Papa v. AU Valencia (284 SCRA 643)
Post under case digests, Commercial Law at Sunday, February 05, 2012 Posted by Schizophrenic
Mind
Facts: Myron Papa, acting as attorney-in-fact of Angela Butte, allegedly sold a parcel of land in
La Loma, Quezon City to Felix Penarroyo. However, prior to the alleged sale, the land was
mortgaged by Butte to Associated Banking Corporation along with other properties and after the
alleged sale but prior to the property’s release by delivery, Butte died. The Bank refused to release
the property despite Penarroyo’s unless and until the other mortgaged properties by Butte have
been redeemed and because of this Penarroyo settled to having the title of the property annotated.
It was later discovered that the mortgage rights of the Bank were transferred to one Tomas Parpana,
administrator of the estate of Ramon Papa Jr. and his since then been collecting rents. Despite
repeated demands of Penarroyo and Valencia, Papa refused to deliver the property which led to a
suit for specific performance. The trial court ruled in favor of Penarroyo and Valencia.

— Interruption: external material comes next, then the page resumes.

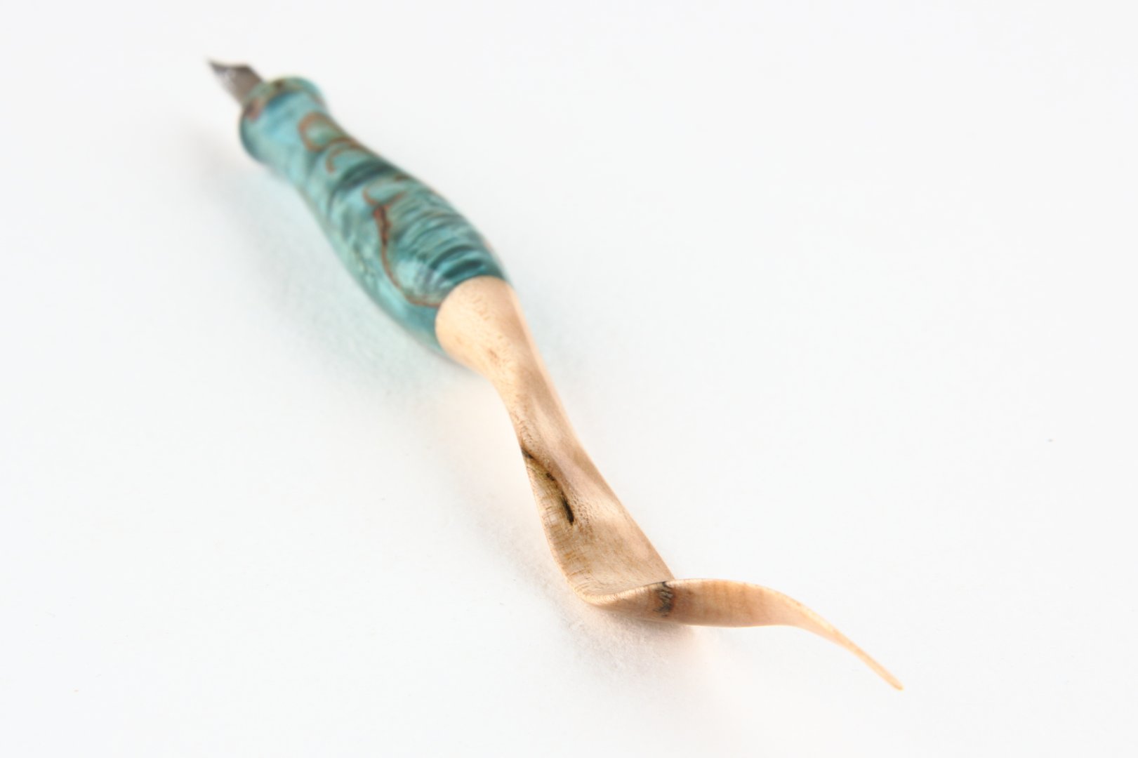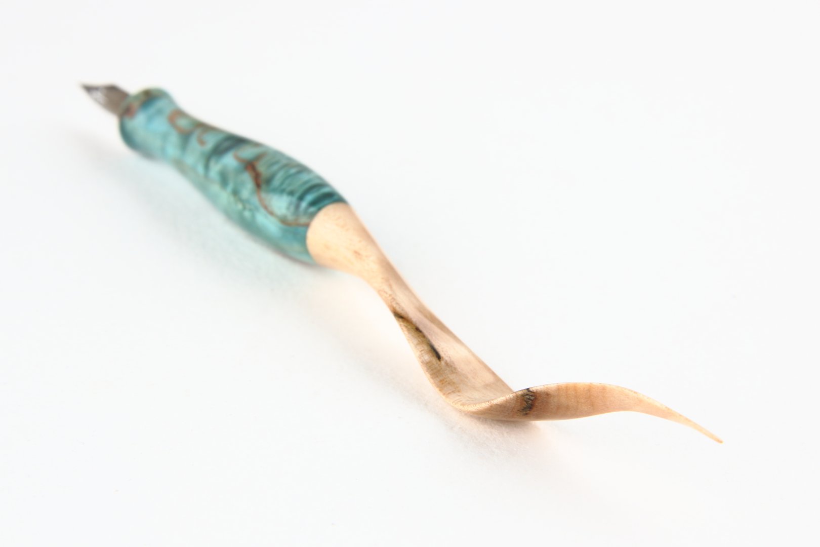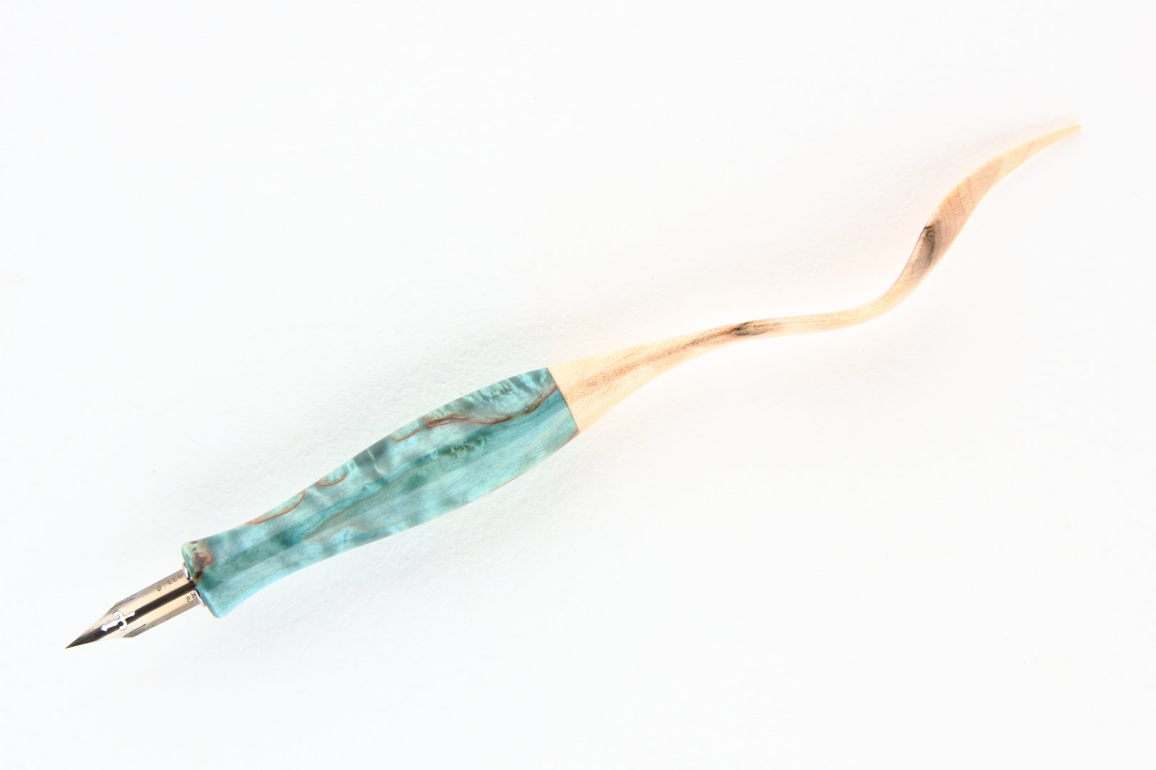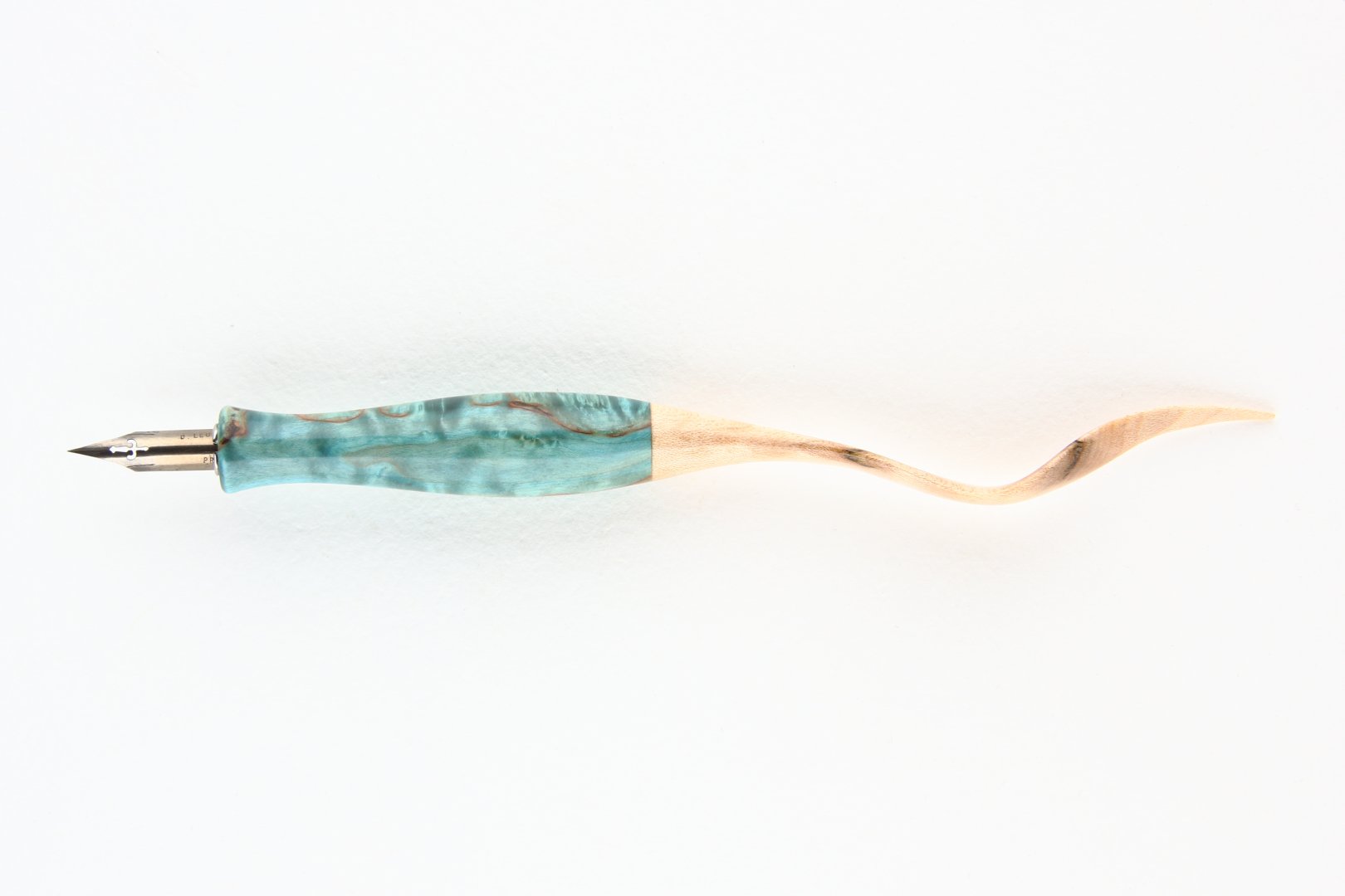 Unique straight pen holder with hand carved tail. Made of Stabilized Karelian Birch and Curly Sycamore Maple.

On appeal to the CA, and ultimately in relation to negotiable instruments, Papa averred that the
sale of the property was not consummated since the PCIB check issued by Penarroyo for payment
worth 40000 pesos was not encashed by him. However, the CA saw the contrary and that Papa in
fact encashed the check by means of a receipt.
Finally on appeal to the SC, Papa cited that according to Art 1249 of the Civil Code, payment of
checks only produce effect once they have been encashed and he insists that he never encashed the
check. He further alleged that if check was encashed, it should have been stamped as such or at
least a microfilm copy. It must be noted that the check was in possession of Papa for ten (10) years
from the time payment was made to him.
Issue: Whether or not the check was encashed and can be considered effective as payment
Held: YES. The Court held that acceptance of a check implies an undertaking of due diligence in
presenting it for payment, and if he from whom it is received sustains loss by want of such
diligence, it will be held to operate as actual payment of the debt or obligation for which it is given.
In this case, granting that check was never encashed, Papa’s failure to do so for more than ten (10)
years undoubtedly resulted in the impairment of the check through his unreasonable and
unexplained delay.
After more than ten (10) years from the payment in part by cash and in part by check, the
presumption is that the check had been encashed.